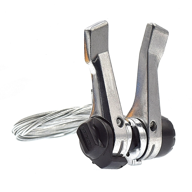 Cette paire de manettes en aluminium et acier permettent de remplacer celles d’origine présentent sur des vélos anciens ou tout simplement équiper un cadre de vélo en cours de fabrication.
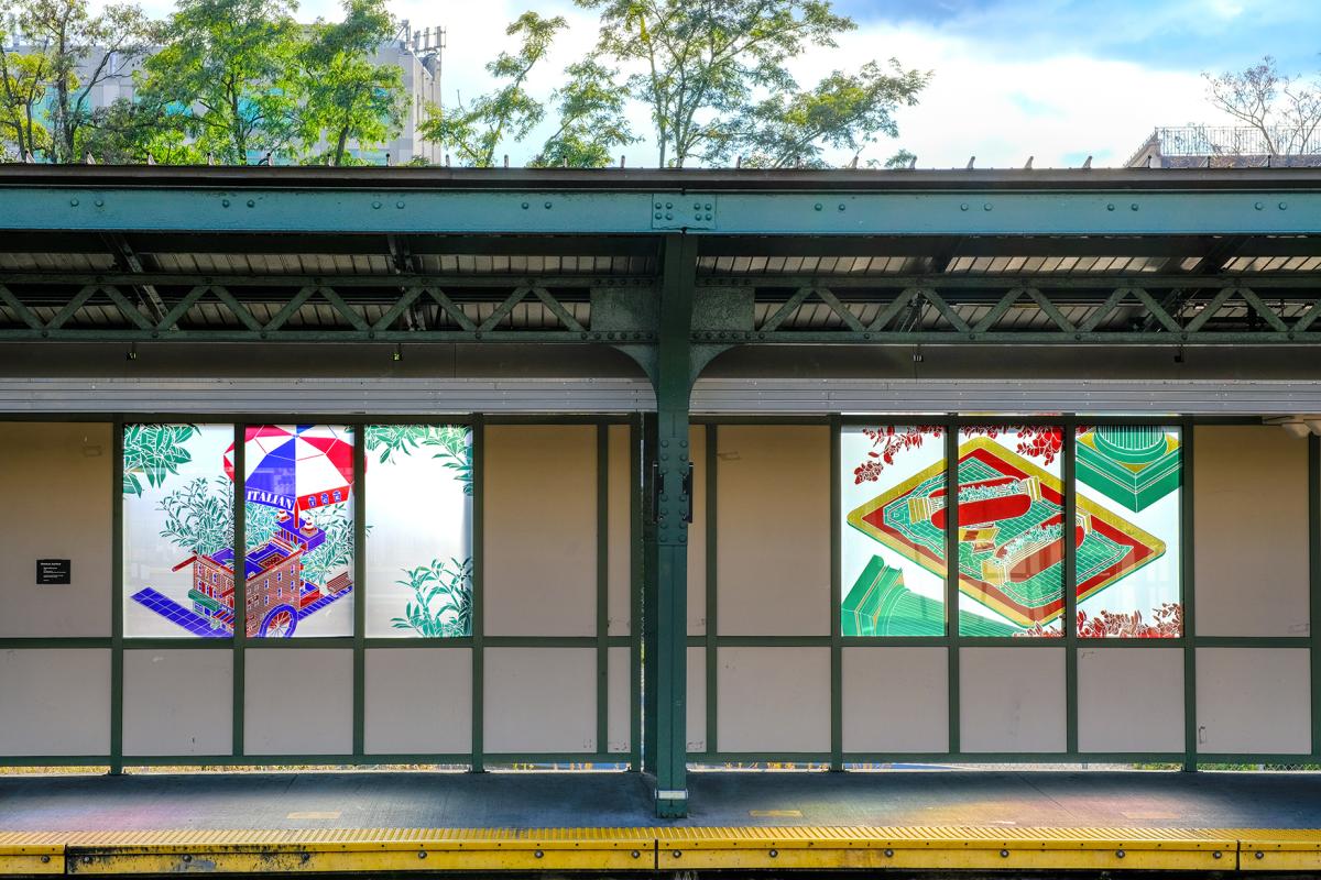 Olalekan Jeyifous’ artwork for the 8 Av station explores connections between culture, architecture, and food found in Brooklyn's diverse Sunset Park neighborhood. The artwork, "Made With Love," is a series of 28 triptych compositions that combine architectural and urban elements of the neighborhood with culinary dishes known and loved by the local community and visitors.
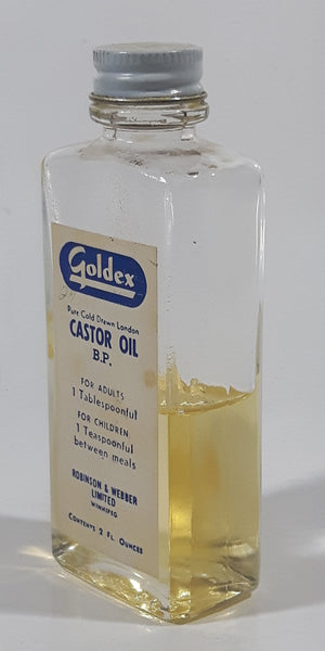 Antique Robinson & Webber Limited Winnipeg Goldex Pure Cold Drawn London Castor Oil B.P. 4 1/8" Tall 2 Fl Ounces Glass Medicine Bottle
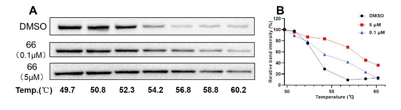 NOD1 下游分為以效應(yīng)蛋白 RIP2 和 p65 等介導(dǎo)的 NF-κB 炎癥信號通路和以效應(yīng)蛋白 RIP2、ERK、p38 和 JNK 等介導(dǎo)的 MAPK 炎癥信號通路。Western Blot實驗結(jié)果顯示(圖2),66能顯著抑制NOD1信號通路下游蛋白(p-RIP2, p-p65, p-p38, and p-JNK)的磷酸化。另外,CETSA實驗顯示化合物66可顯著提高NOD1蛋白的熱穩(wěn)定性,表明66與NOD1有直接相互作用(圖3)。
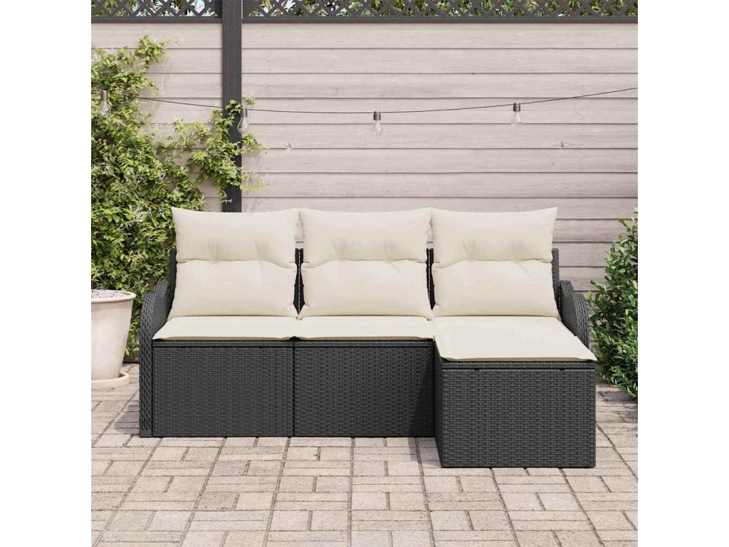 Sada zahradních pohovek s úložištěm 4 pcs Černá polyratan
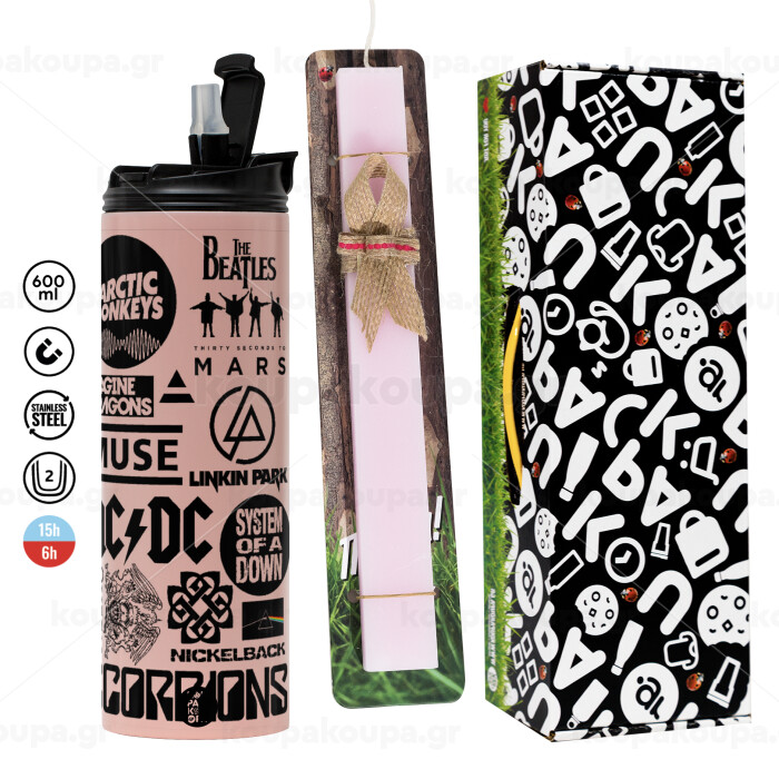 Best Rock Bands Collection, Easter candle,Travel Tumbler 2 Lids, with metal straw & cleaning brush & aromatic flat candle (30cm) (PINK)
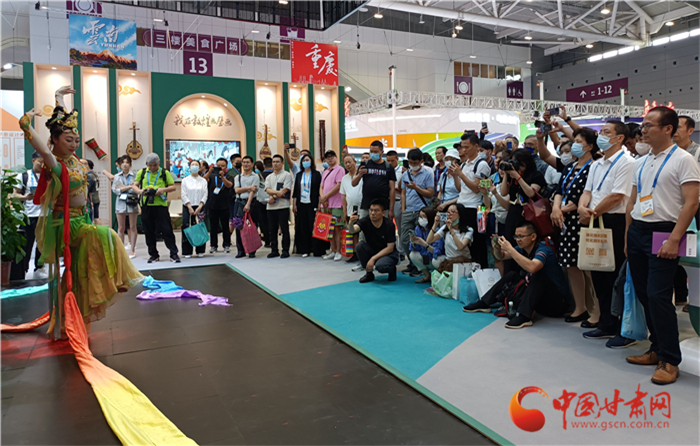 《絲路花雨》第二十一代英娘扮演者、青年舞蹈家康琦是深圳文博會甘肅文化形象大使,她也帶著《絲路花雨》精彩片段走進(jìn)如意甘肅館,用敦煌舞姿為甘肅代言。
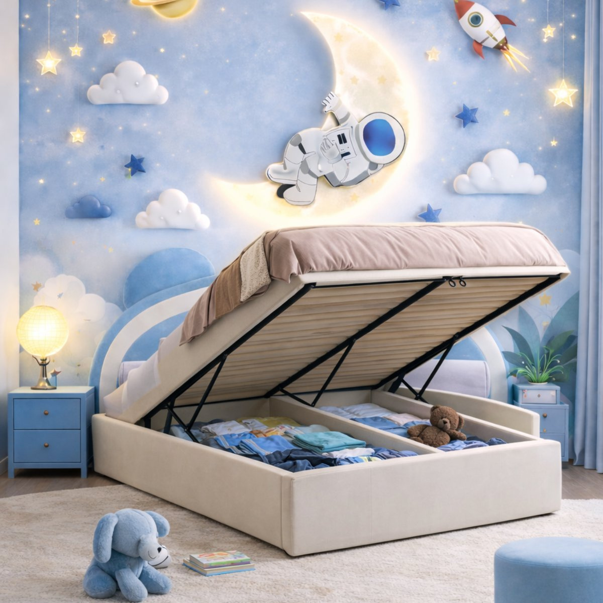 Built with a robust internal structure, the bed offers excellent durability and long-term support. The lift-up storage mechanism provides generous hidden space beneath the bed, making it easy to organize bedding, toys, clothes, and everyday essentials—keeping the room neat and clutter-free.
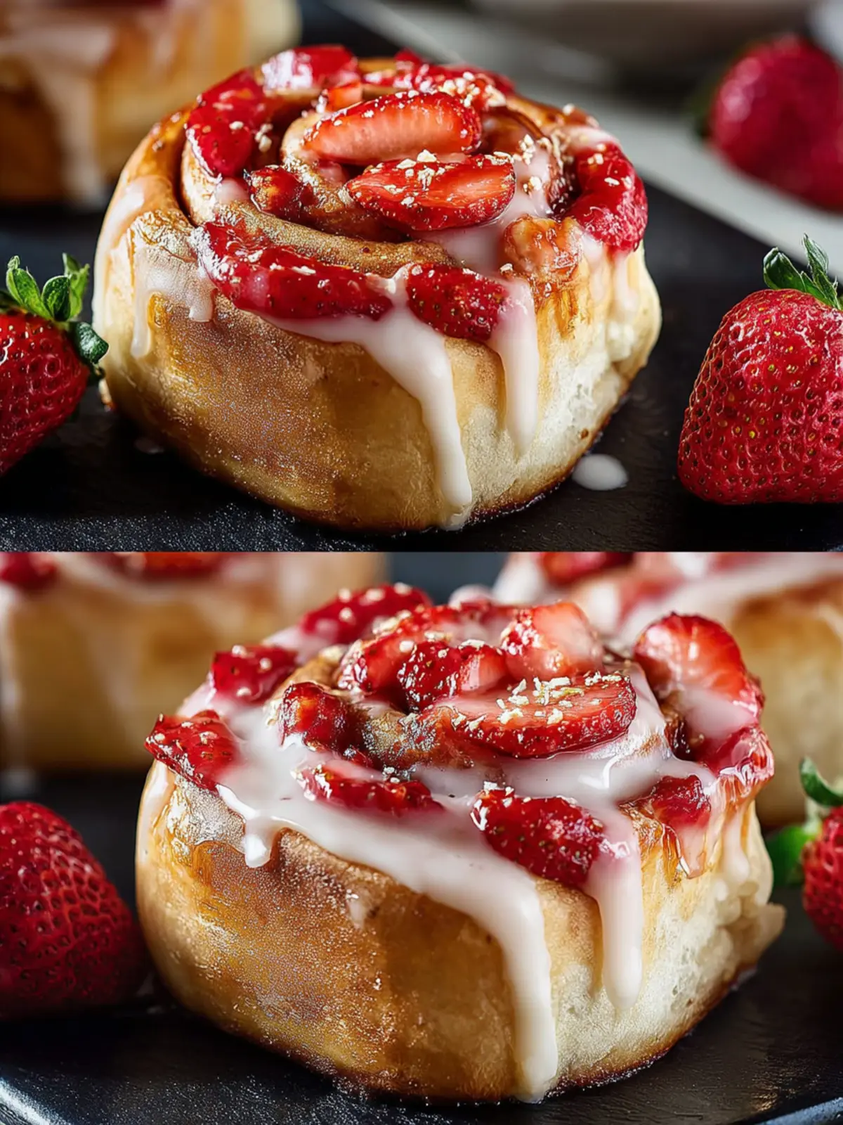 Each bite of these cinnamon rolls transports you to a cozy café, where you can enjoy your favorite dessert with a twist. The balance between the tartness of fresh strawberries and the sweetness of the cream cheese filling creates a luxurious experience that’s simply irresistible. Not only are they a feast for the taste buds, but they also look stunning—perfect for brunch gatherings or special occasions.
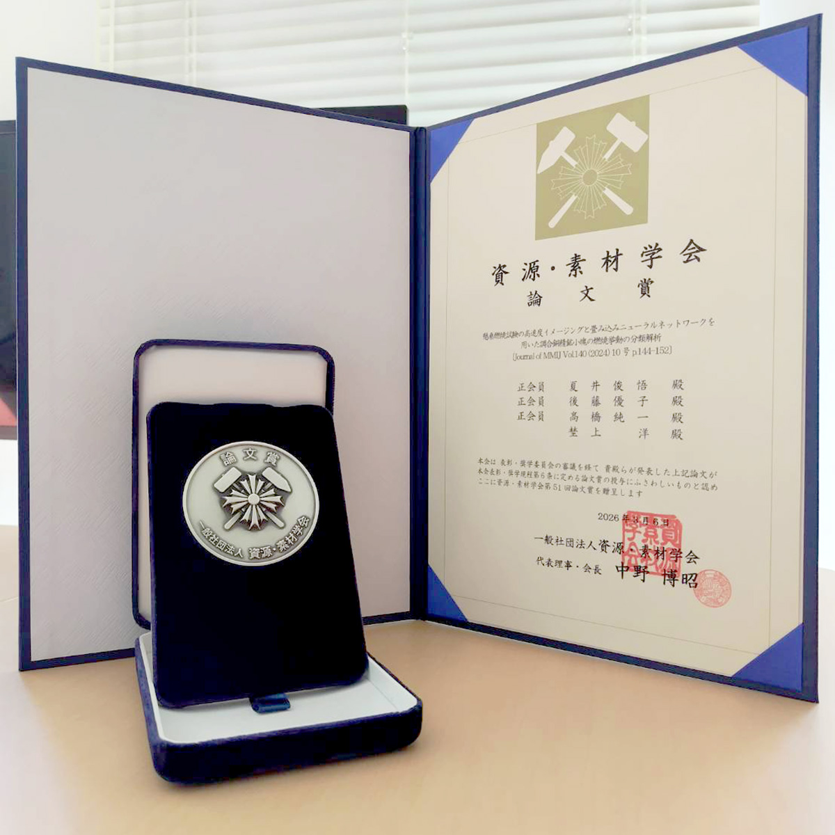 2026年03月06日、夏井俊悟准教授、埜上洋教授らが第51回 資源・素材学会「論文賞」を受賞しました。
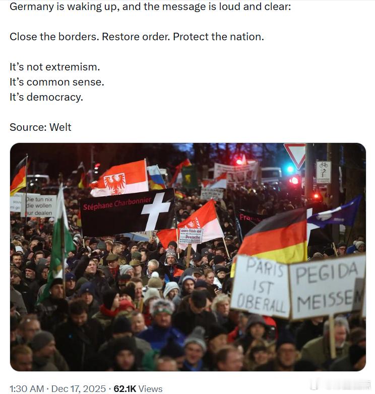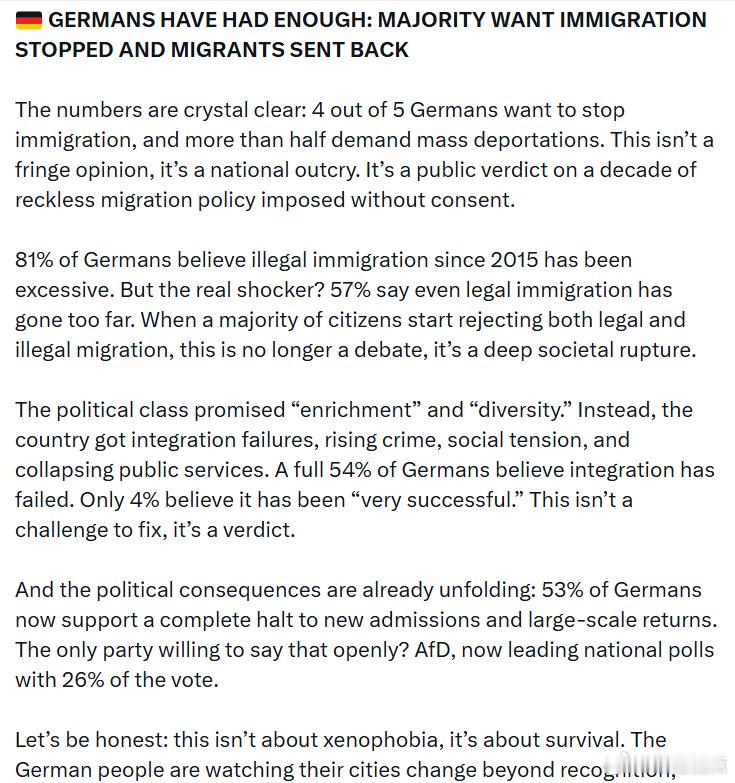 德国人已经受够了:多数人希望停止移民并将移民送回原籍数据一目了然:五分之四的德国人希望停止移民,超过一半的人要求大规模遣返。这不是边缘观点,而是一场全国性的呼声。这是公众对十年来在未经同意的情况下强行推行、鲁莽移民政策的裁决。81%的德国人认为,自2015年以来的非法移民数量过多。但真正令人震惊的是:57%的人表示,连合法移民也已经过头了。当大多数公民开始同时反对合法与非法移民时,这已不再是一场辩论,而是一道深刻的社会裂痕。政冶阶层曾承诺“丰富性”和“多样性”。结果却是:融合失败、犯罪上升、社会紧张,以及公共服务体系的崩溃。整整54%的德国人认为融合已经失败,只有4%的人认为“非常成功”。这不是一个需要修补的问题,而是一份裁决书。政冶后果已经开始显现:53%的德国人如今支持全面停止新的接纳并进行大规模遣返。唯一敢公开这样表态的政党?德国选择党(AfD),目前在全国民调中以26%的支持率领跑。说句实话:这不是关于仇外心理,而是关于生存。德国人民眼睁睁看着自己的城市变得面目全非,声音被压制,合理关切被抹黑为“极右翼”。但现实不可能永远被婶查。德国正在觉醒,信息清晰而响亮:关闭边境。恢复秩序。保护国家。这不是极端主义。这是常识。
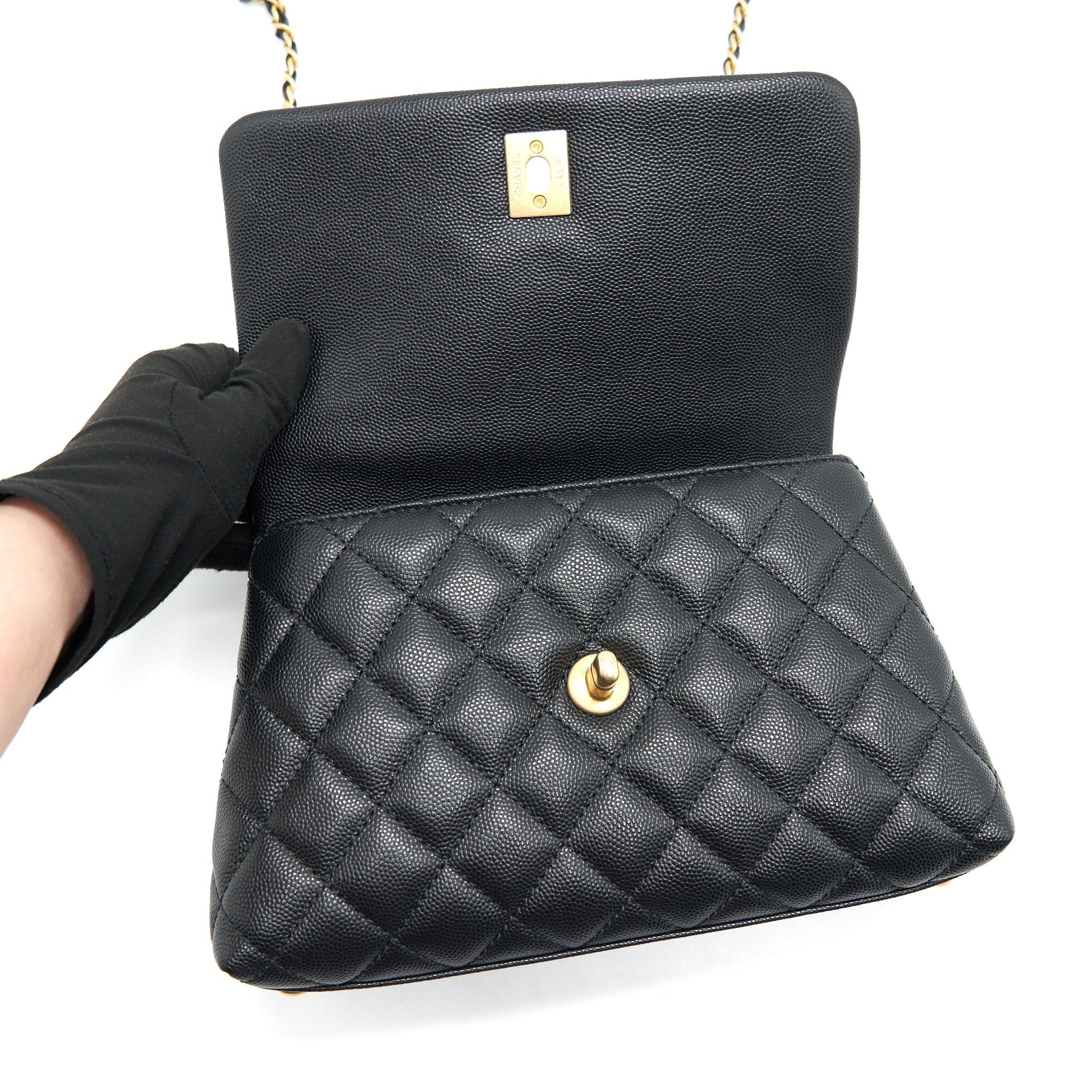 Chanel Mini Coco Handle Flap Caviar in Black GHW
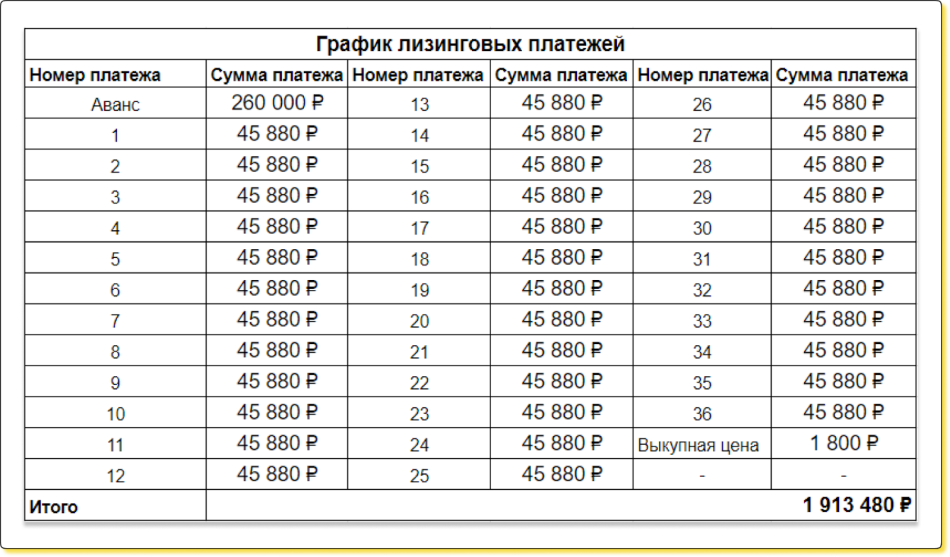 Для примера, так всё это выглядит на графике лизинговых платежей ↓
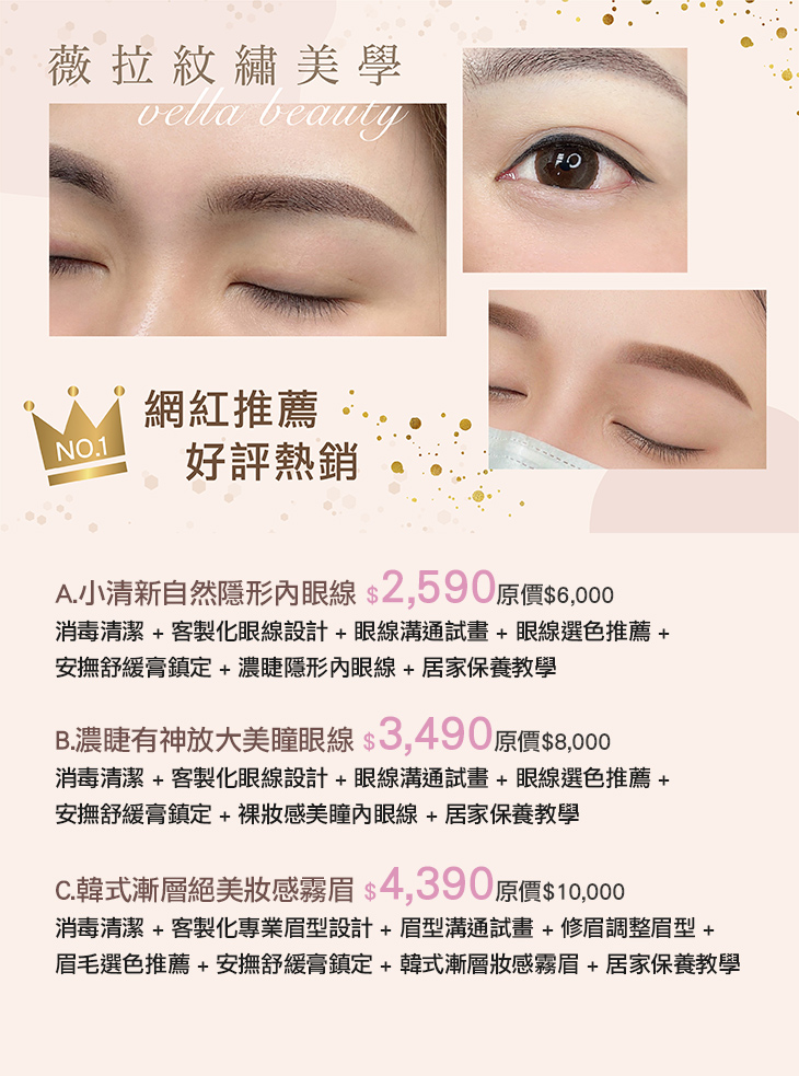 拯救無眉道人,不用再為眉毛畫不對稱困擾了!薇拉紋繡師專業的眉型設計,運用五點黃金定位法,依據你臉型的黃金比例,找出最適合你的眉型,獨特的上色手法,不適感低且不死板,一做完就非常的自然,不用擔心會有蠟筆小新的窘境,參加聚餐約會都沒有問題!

# INSTRUCTIONS TO FOLLOW
The reply should hold every line of the records unchanged and no pictures.

# ANSWER SECTION
 Cette paire de manettes en aluminium et acier permettent de remplacer celles d’origine présentent sur des vélos anciens ou tout simplement équiper un cadre de vélo en cours de fabrication.
 Olalekan Jeyifous’ artwork for the 8 Av station explores connections between culture, architecture, and food found in Brooklyn's diverse Sunset Park neighborhood. The artwork, "Made With Love," is a series of 28 triptych compositions that combine architectural and urban elements of the neighborhood with culinary dishes known and loved by the local community and visitors.
 Antique Robinson & Webber Limited Winnipeg Goldex Pure Cold Drawn London Castor Oil B.P. 4 1/8" Tall 2 Fl Ounces Glass Medicine Bottle
 NOD1 下游分為以效應(yīng)蛋白 RIP2 和 p65 等介導(dǎo)的 NF-κB 炎癥信號通路和以效應(yīng)蛋白 RIP2、ERK、p38 和 JNK 等介導(dǎo)的 MAPK 炎癥信號通路。Western Blot實驗結(jié)果顯示(圖2),66能顯著抑制NOD1信號通路下游蛋白(p-RIP2, p-p65, p-p38, and p-JNK)的磷酸化。另外,CETSA實驗顯示化合物66可顯著提高NOD1蛋白的熱穩(wěn)定性,表明66與NOD1有直接相互作用(圖3)。
 Sada zahradních pohovek s úložištěm 4 pcs Černá polyratan
 Best Rock Bands Collection, Easter candle,Travel Tumbler 2 Lids, with metal straw & cleaning brush & aromatic flat candle (30cm) (PINK)
 《絲路花雨》第二十一代英娘扮演者、青年舞蹈家康琦是深圳文博會甘肅文化形象大使,她也帶著《絲路花雨》精彩片段走進(jìn)如意甘肅館,用敦煌舞姿為甘肅代言。
 Built with a robust internal structure, the bed offers excellent durability and long-term support. The lift-up storage mechanism provides generous hidden space beneath the bed, making it easy to organize bedding, toys, clothes, and everyday essentials—keeping the room neat and clutter-free.
 Each bite of these cinnamon rolls transports you to a cozy café, where you can enjoy your favorite dessert with a twist. The balance between the tartness of fresh strawberries and the sweetness of the cream cheese filling creates a luxurious experience that’s simply irresistible. Not only are they a feast for the taste buds, but they also look stunning—perfect for brunch gatherings or special occasions.
 2026年03月06日、夏井俊悟准教授、埜上洋教授らが第51回 資源・素材学会「論文賞」を受賞しました。
 德国人已经受够了:多数人希望停止移民并将移民送回原籍数据一目了然:五分之四的德国人希望停止移民,超过一半的人要求大规模遣返。这不是边缘观点,而是一场全国性的呼声。这是公众对十年来在未经同意的情况下强行推行、鲁莽移民政策的裁决。81%的德国人认为,自2015年以来的非法移民数量过多。但真正令人震惊的是:57%的人表示,连合法移民也已经过头了。当大多数公民开始同时反对合法与非法移民时,这已不再是一场辩论,而是一道深刻的社会裂痕。政冶阶层曾承诺“丰富性”和“多样性”。结果却是:融合失败、犯罪上升、社会紧张,以及公共服务体系的崩溃。整整54%的德国人认为融合已经失败,只有4%的人认为“非常成功”。这不是一个需要修补的问题,而是一份裁决书。政冶后果已经开始显现:53%的德国人如今支持全面停止新的接纳并进行大规模遣返。唯一敢公开这样表态的政党?德国选择党(AfD),目前在全国民调中以26%的支持率领跑。说句实话:这不是关于仇外心理,而是关于生存。德国人民眼睁睁看着自己的城市变得面目全非,声音被压制,合理关切被抹黑为“极右翼”。但现实不可能永远被婶查。德国正在觉醒,信息清晰而响亮:关闭边境。恢复秩序。保护国家。这不是极端主义。这是常识。
 Chanel Mini Coco Handle Flap Caviar in Black GHW
 Для примера, так всё это выглядит на графике лизинговых платежей ↓
 拯救無眉道人,不用再為眉毛畫不對稱困擾了!薇拉紋繡師專業的眉型設計,運用五點黃金定位法,依據你臉型的黃金比例,找出最適合你的眉型,獨特的上色手法,不適感低且不死板,一做完就非常的自然,不用擔心會有蠟筆小新的窘境,參加聚餐約會都沒有問題!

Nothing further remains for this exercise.